И эти люди подрезают те самые корни, от которых к вам приходит осознавание и сознательность, - это жизнь, жизненные ситуации, проблемы, возможности.
Но если просто уклоняться и воздерживаться от жизни, то никогда не будет возможности достичь сознательности.
Рассказывают об одном индусском монахе, который в течение тридцати лет жил в Гималаях... Его проблемой было эго. И один мудрец - я имею в виду один дурак - предложил ему: «Удались в безмолвные долины Гималаев, и твое эго будет заморожено». Это займет какое-то время, поэтому не спеши возвращаться, пока полностью не будешь уверен».
И, конечно, если вы живете в Гималаях, в глубинной, далекой долине, где вы никогда не встретите другого человека, как вы сможете понять, есть ли у вас эго? Эго требуется другое эго; и тогда оно проявляется мгновенно. Если же другого эго нет, то нет и причины, по которой оно должно проявиться. Оно быстро засыпает.
Тридцать лет - долгий срок, и человек убедился, что эго у него больше нет. К этому времени его известность распространилась по равнинам, и люди стали приходить к нему, чтобы отдать дань уважения. Ему от этого стало еще лучше: «Я такой неэгоистичный». Конечно, когда люди касаются ваших ног, вы можете чувствовать полное отсутствие эго. В этом нет никакой проблемы, потому что ваше эго удовлетворено.

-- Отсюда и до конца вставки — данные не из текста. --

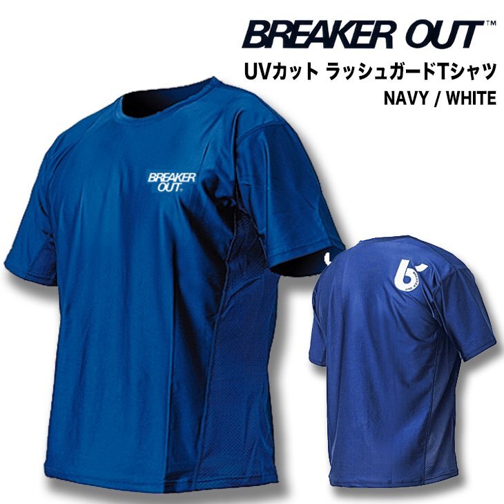 > ■BREAKER OUT■UV98%カット ラッシュガード Tシャツ [NAVY] XLサイズ/海でも街でも着られます ブレーカーアウト
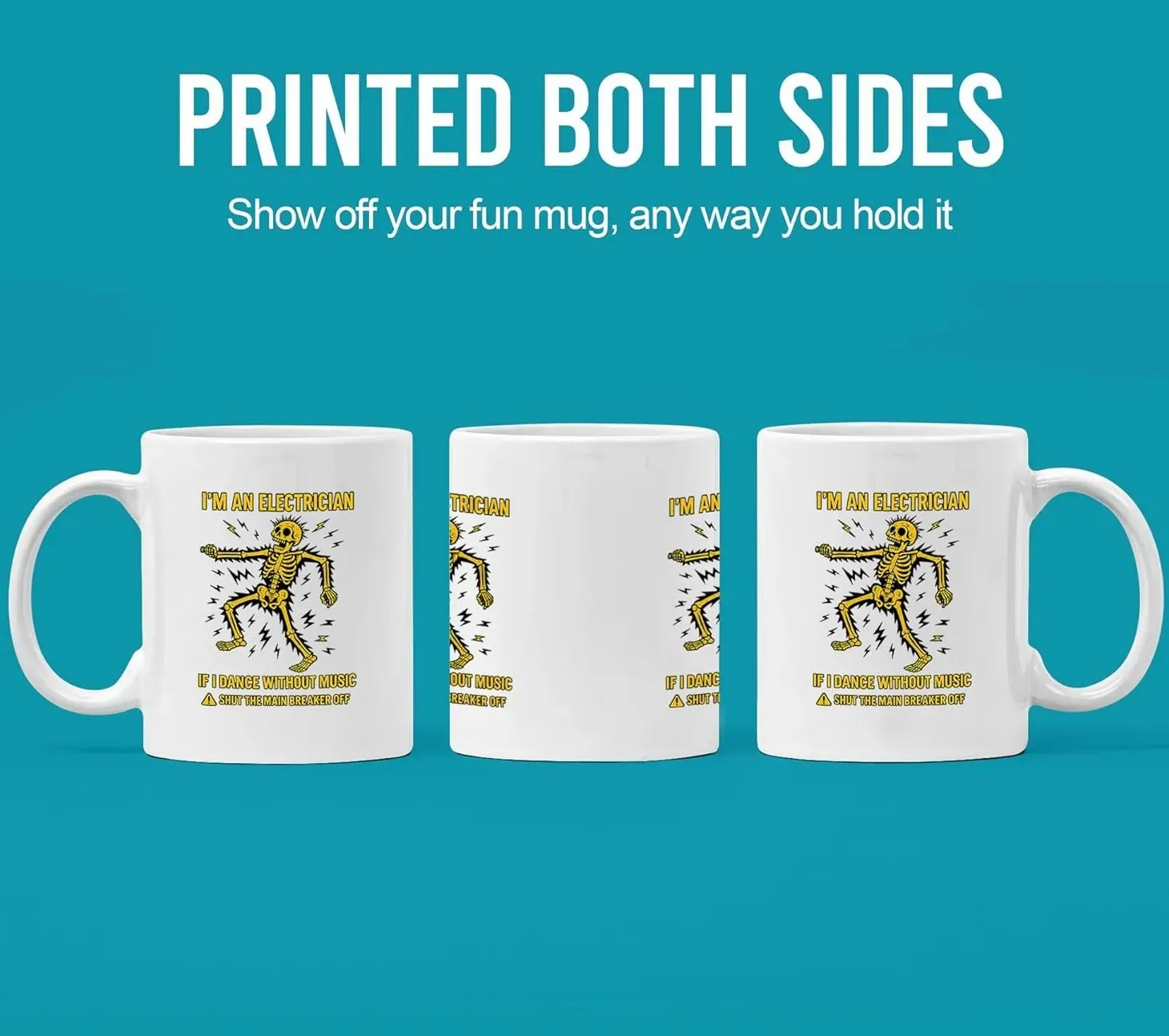 The Funny Electrician Dance Themed With Warning Design Coffee Mug stands out because of its vibrant illustration and clever industry humor. The bold yellow graphic surrounded by lightning bolts makes it visually striking, while the witty message resonates with electricians who understand the joke. Unlike plain novelty mugs, this design combines color, humor, and quality craftsmanship. The sturdy ceramic retains heat well, while the comfortable handle ensures a intact grip. It’s practical enough for daily use and funny enough to spark conversation at job sites or in the office break room.

Однако эта проблема возникла снова, потому что начиналась Кумбха, ярмарка, которая является самой крупной в мире; на нее собирается по крайней мере тридцать миллионов человек. Нигде в мире не собирается столько народу, как на Кумбху, на ярмарку, которая проходит в Аллахабаде каждые двенадцать лет.
Итак начиналась Кумбха, и люди пригласили этого человека: «Вы там совершенно необходимы. Ваше присутствие будет благом для миллионов людей, которые соберутся со всей страны».
«Конечно», - сказал он. Сейчас он знал, что избавился от эгоизма. Он спустился с Гималаев на равнину, а когда он достиг этой безбрежной, подобной океану, толпы - нельзя увидеть, где она начинается, где кончается, и никто не знал его в этой толпе; - кто-то наступил ему на ногу, и тридцати лет как не бывало! Он вцепился человеку в горло и сказал: «Я тебя убью!» Но потом вдруг он вспомнил, что старался делать последние тридцать лет: «Что произошло за эти тридцать лет? Это было просто потерей времени - я все такой же, как и был».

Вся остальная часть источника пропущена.